Re: [RFC 0/3] watchdog/softlockup: Make softlockup reports more reliable and useful

From: Petr Mladek
Date: Tue Jul 09 2019 - 12:05:36 EST


On Mon 2019-06-17 23:08:54, Thomas Gleixner wrote:
> On Wed, 5 Jun 2019, Petr Mladek wrote:
>
> > Hi,
> >
> > we were analyzing logs with several softlockup reports in flush_tlb_kernel_range().
> > They were confusing. Especially it was not clear whether it was deadlock,
> > livelock, or separate softlockups.
> >
> > It went out that even a simple busy loop:
> >
> > while (true)
> > cpu_relax();
> >
> > is able to produce several softlockups reports:
> >
> > [ 168.277520] watchdog: BUG: soft lockup - CPU#1 stuck for 22s! [cat:4865]
> > [ 196.277604] watchdog: BUG: soft lockup - CPU#1 stuck for 22s! [cat:4865]
> > [ 236.277522] watchdog: BUG: soft lockup - CPU#1 stuck for 23s! [cat:4865]
> >
> >
> > I tried to understand the tricky watchdog code and produced two patches
> > that would be helpful to debug the original real bug:
> >
> > 1st patch prevents restart of the watchdog from unrelated locations.
> >
> > 2nd patch helps to distinguish several possible situations by
> > regular reports.
> >
> > 3rd patch can be used for testing the problem.
> >
> >
> > The watchdog code might deserve even more clean up. Anyway, I would
> > like to hear other's opinion first.
>
> Anything which improves debugability is welcome. Unfortunately you missed
> to add an example of the output after these patches are applied.

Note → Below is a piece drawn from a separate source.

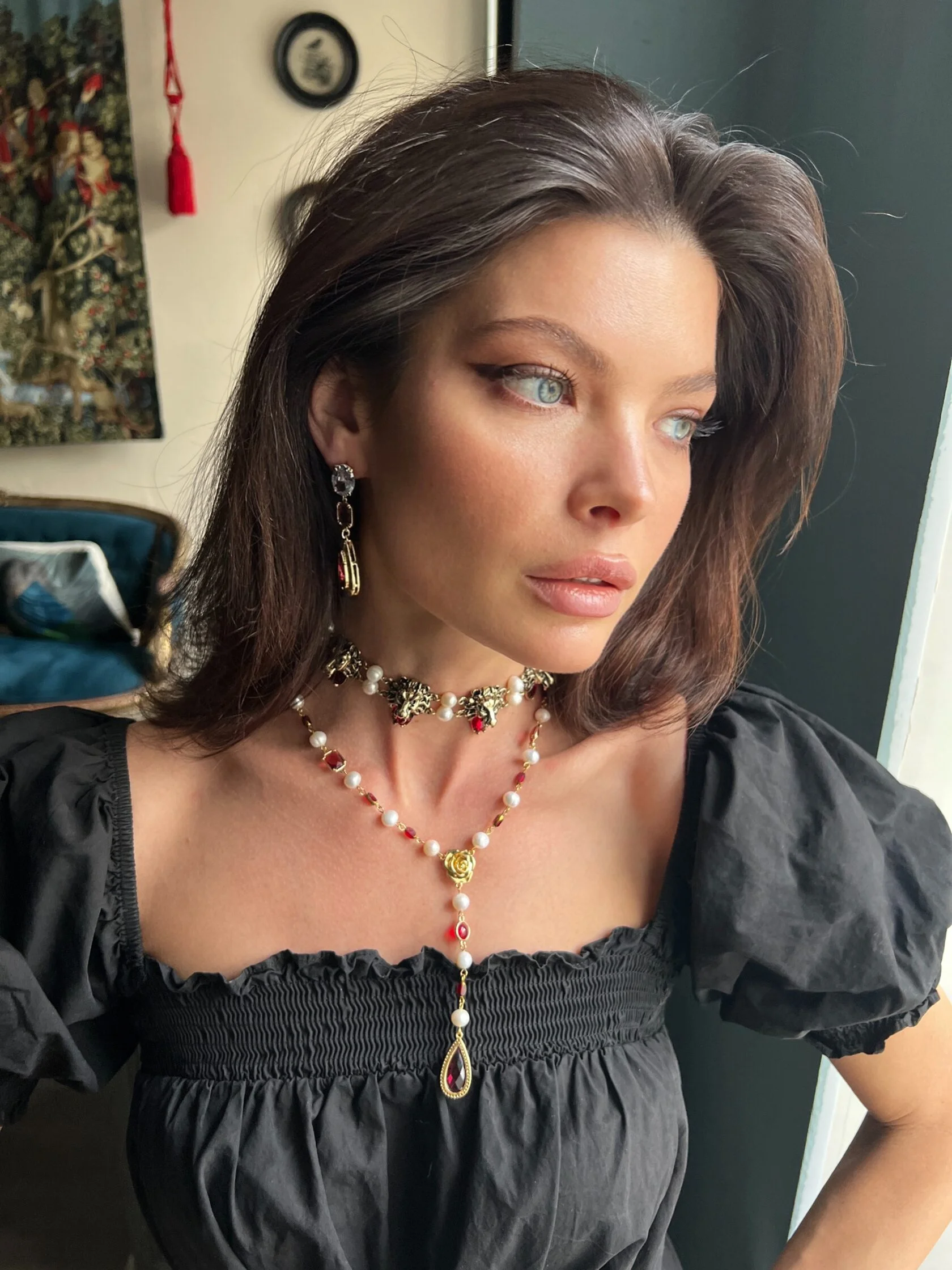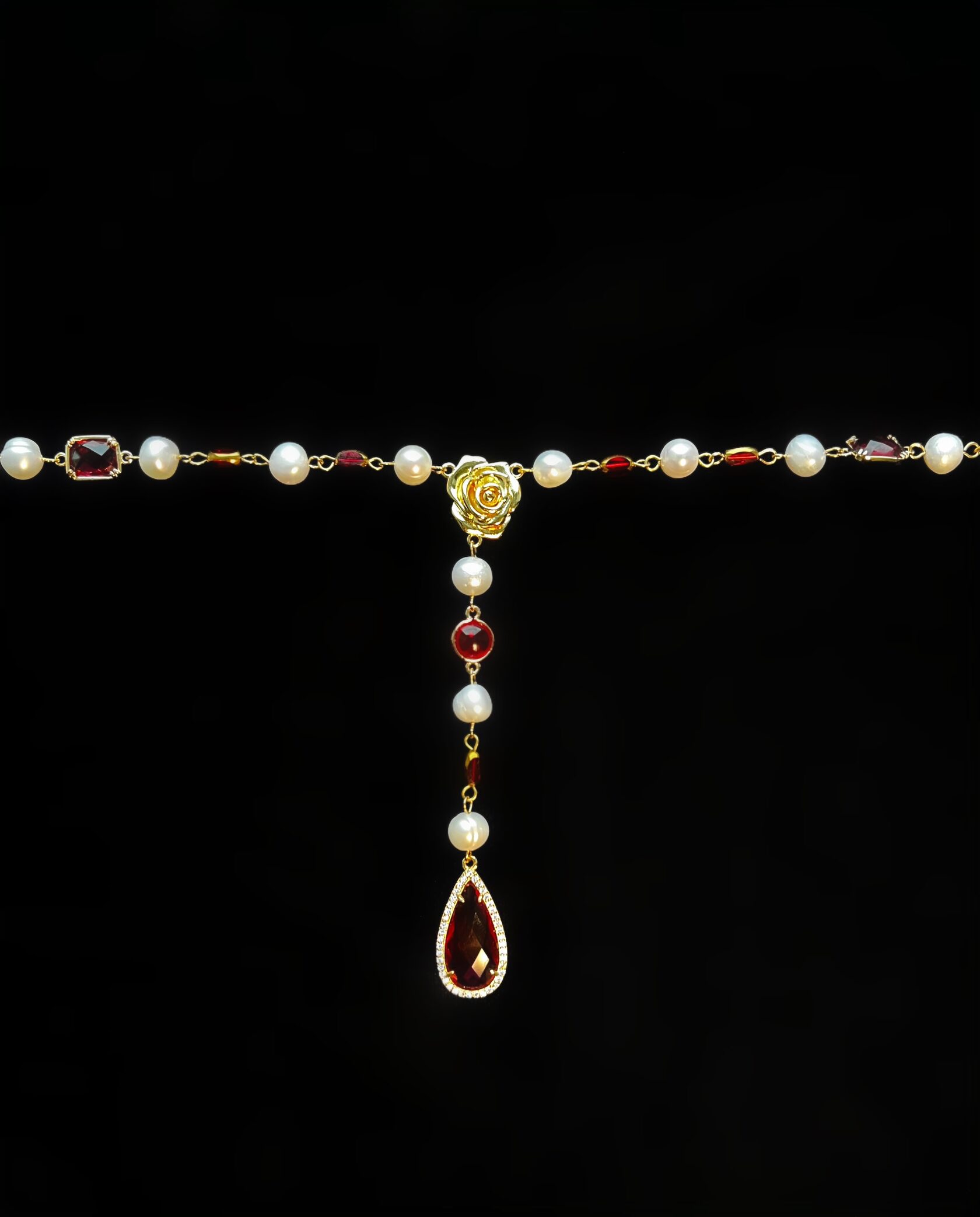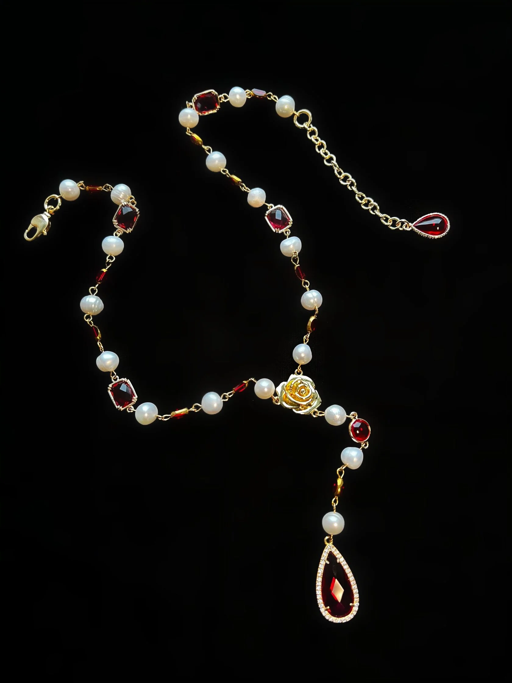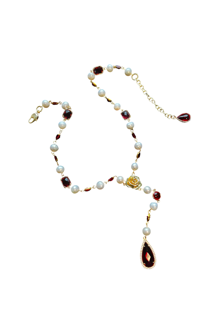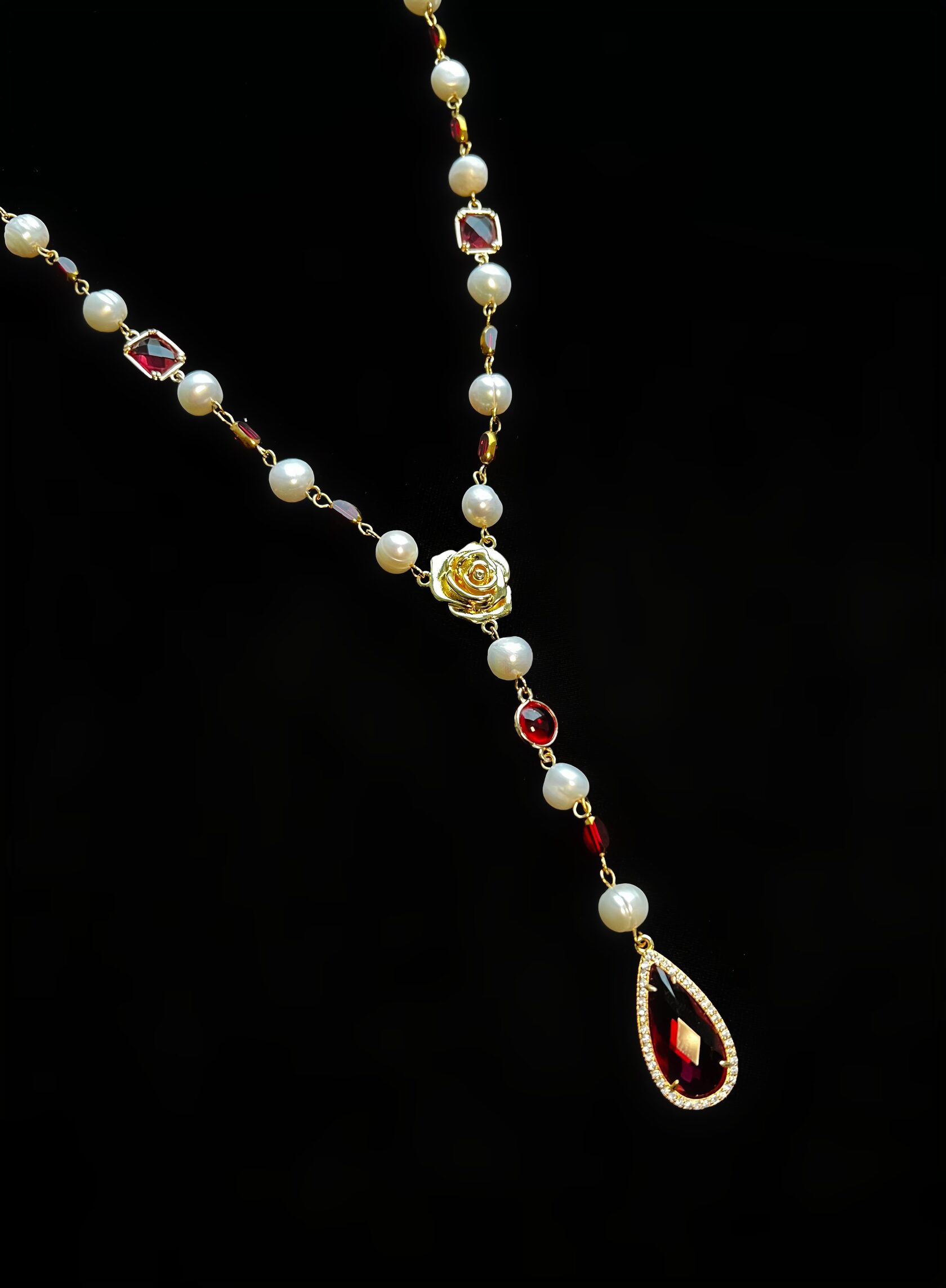 Колье-галстук собрано из натурального жемчуга, винтажного пекинского стекла и кристаллов «Swarovski». Центральная часть колье дополнена подвеской-каплей оттенка рубин. Имеется регулируемая застежка.

After the 1st patch only one message is displayed. It is most likely
the original author expectation:

[ 480.372418] watchdog: BUG: soft lockup - CPU#2 stuck for 26s! [cat:4943]


But I think that more useful is to inform regularly that the problem
still exists. So after the 2nd patch we get:

[ 480.372418] watchdog: BUG: soft lockup - CPU#2 stuck for 26s! [cat:4943]
[ 508.372359] watchdog: BUG: soft lockup - CPU#2 stuck for 52s! [cat:4943]
[ 548.372359] watchdog: BUG: soft lockup - CPU#2 stuck for 89s! [cat:4943]
[ 576.372351] watchdog: BUG: soft lockup - CPU#2 stuck for 115s! [cat:4943]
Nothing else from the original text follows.